A fun little project to play with Jupyter Notebooks, Scikit-learn, and neural nets with Keras.
To train a neural network to learn Arabic morphology.
- Scripts for data mining
- Starter data
- 2 iterations of the model: roots.ipynb and roots-with-noroots.ipynb.
roots-with-noroots.ipynb
is named weird, but it just means we are more intelligent about tracking words that are "mabniyy", or undeclined.
It's not very accurate (about 50%) so it's pretty addictive to work on. Surely, someone, somewhere, has done this better, but we aren't solving world hunger here, just having some nerdy fun.
Pull requests welcome :)
The output is formatted as "accuracy: [correctAnswer, input]" with output on the end if incorrect.
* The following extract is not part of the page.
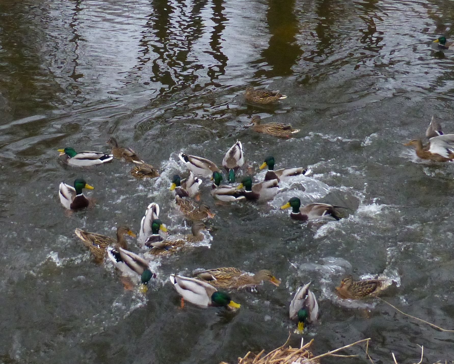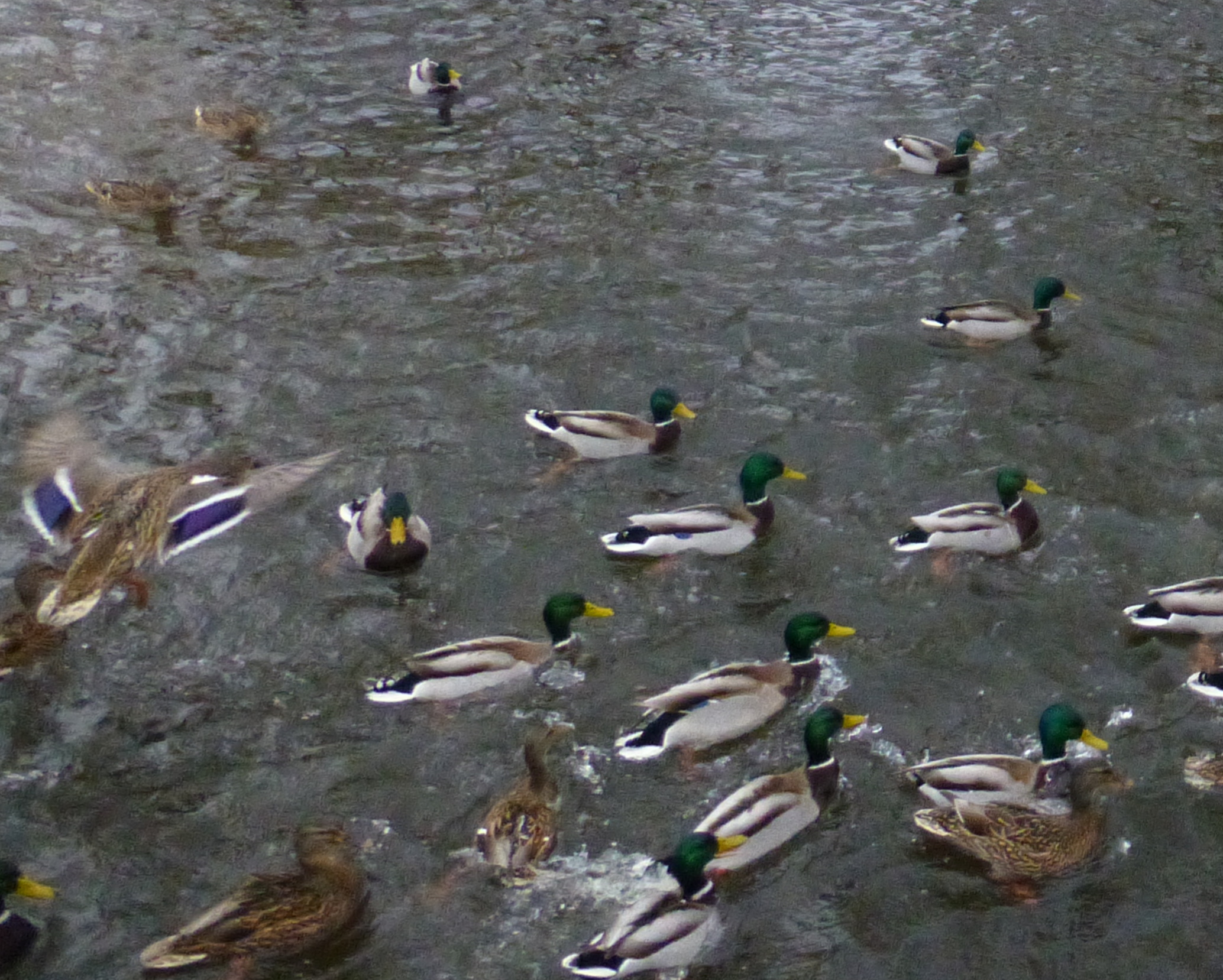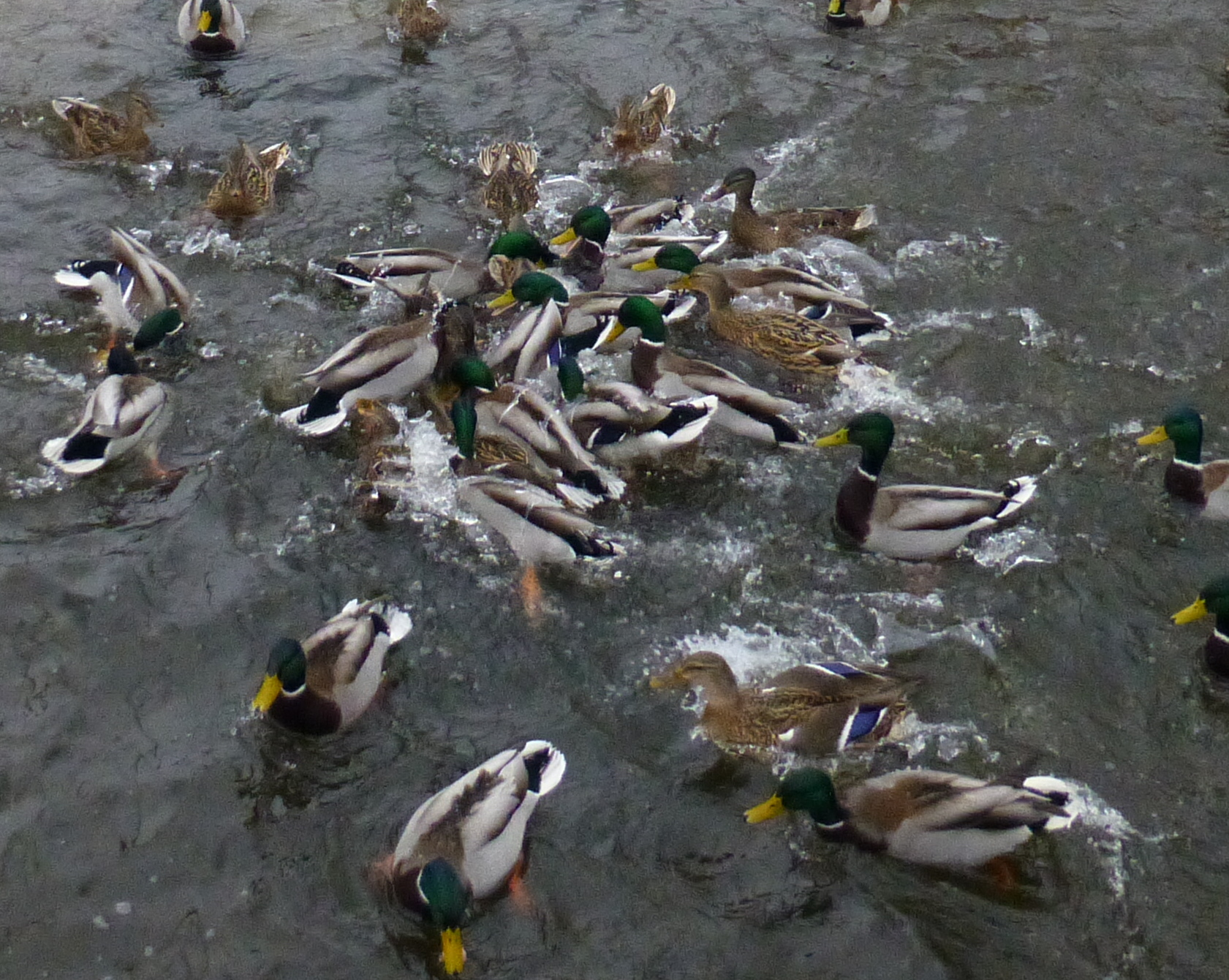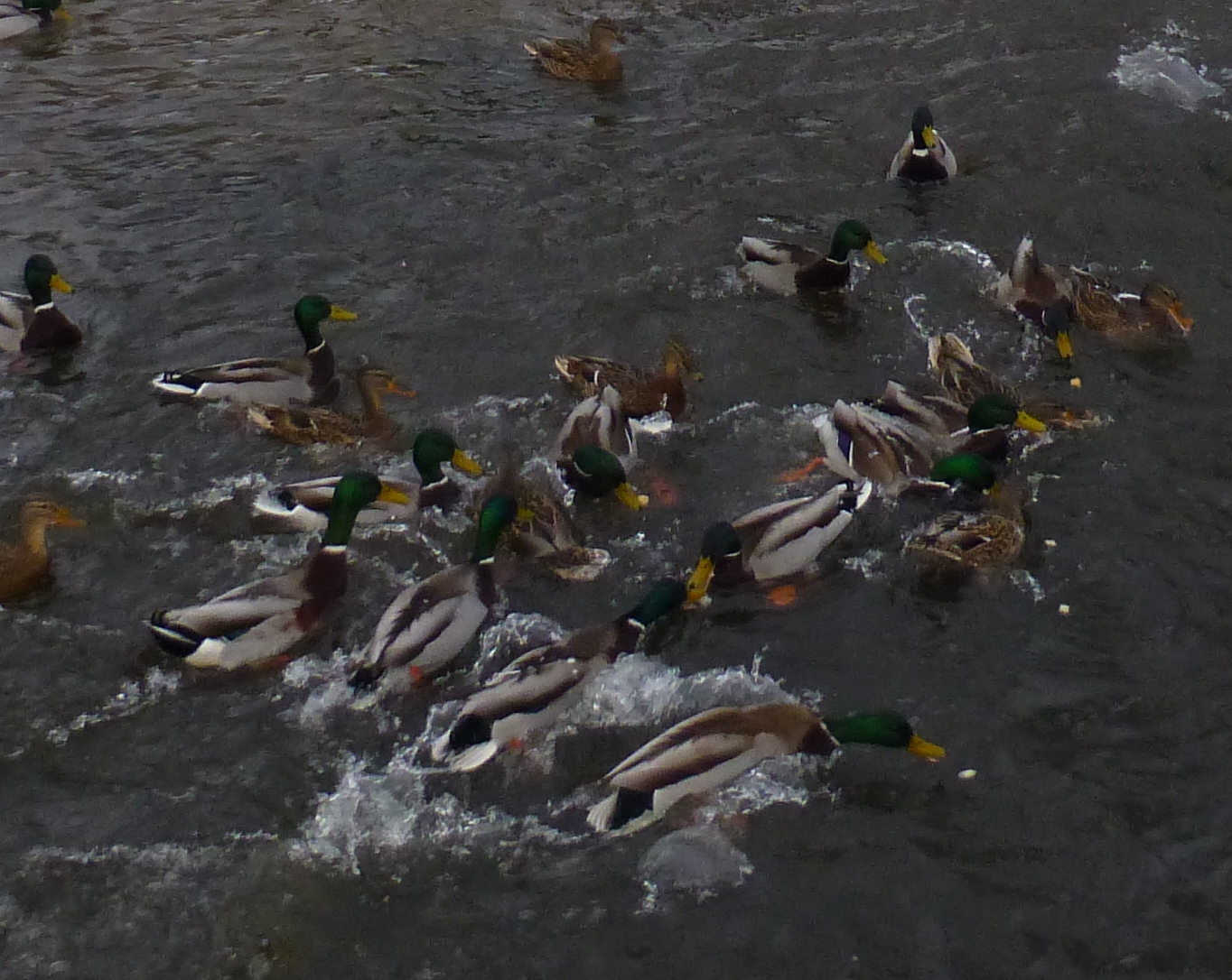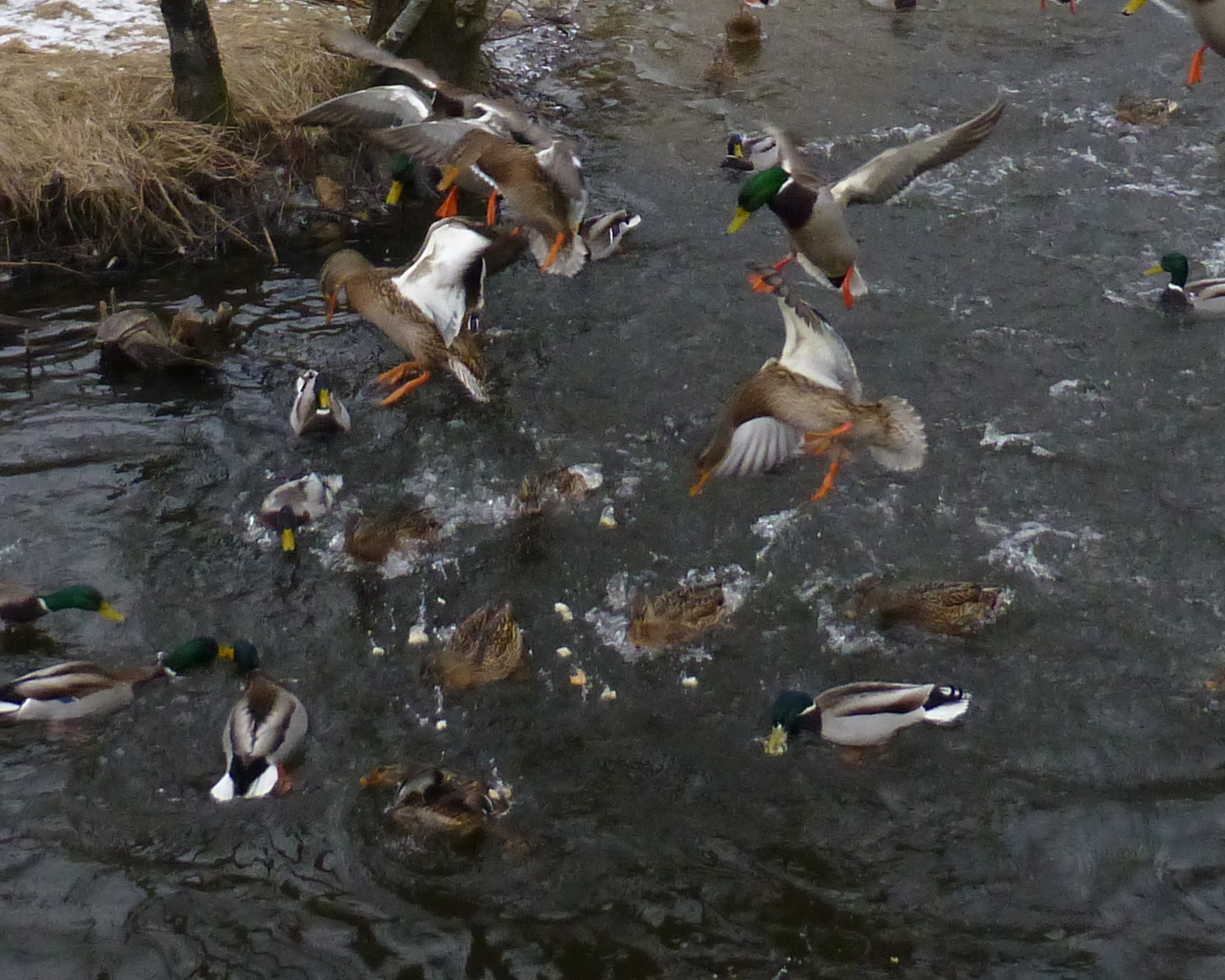 The following day I can armed with half a loaf of bread, and my camera.Tying Snoopy to a light post, i proceeded to throw out a handful of bread crumbs, and then try to snap a photo of the ducks as they flew to where I was P1020714 P1020715and monkey-piled in the water for the food. P1020725 P1020896I walked a bit farther upstream, and did it again. P1020949 P1020938It’s hard to hold a camera steady when you are laughing as hard as I was.

Correct: ['تبديلي', 'بدل']
Missed: ['الألياف', 'ليف'] Predicted: للف
Correct: ['تنْويت', 'نوت']
...
Correct: ['متوسّط', 'وسط']
Correct: ['تنفيذي', 'نفذ']
Missed: ['المتبقية', 'بقا'] Predicted: ربب
Missed: ['متقدم', 'قدم'] Predicted: ودم
Missed: ['الأساسي', ''] Predicted: سسس
Correct: ['تغيير', 'غير']
Correct: ['سطر', 'سطر']
Correct: ['سليم', 'سلم']
Correct: ['جملة', 'جمل']
Missed: ['الذهب', 'ذهب'] Predicted: هبب
Correct: ['طرفية', 'طرف']
Correct: ['متوسطة', 'وسط']
Missed: ['سوق', 'سوق'] Predicted: وقق
Score: 58.8%
Just install Jupyter Notebook and run jupyter notebook
in this folder, and select one of the ipynb
files.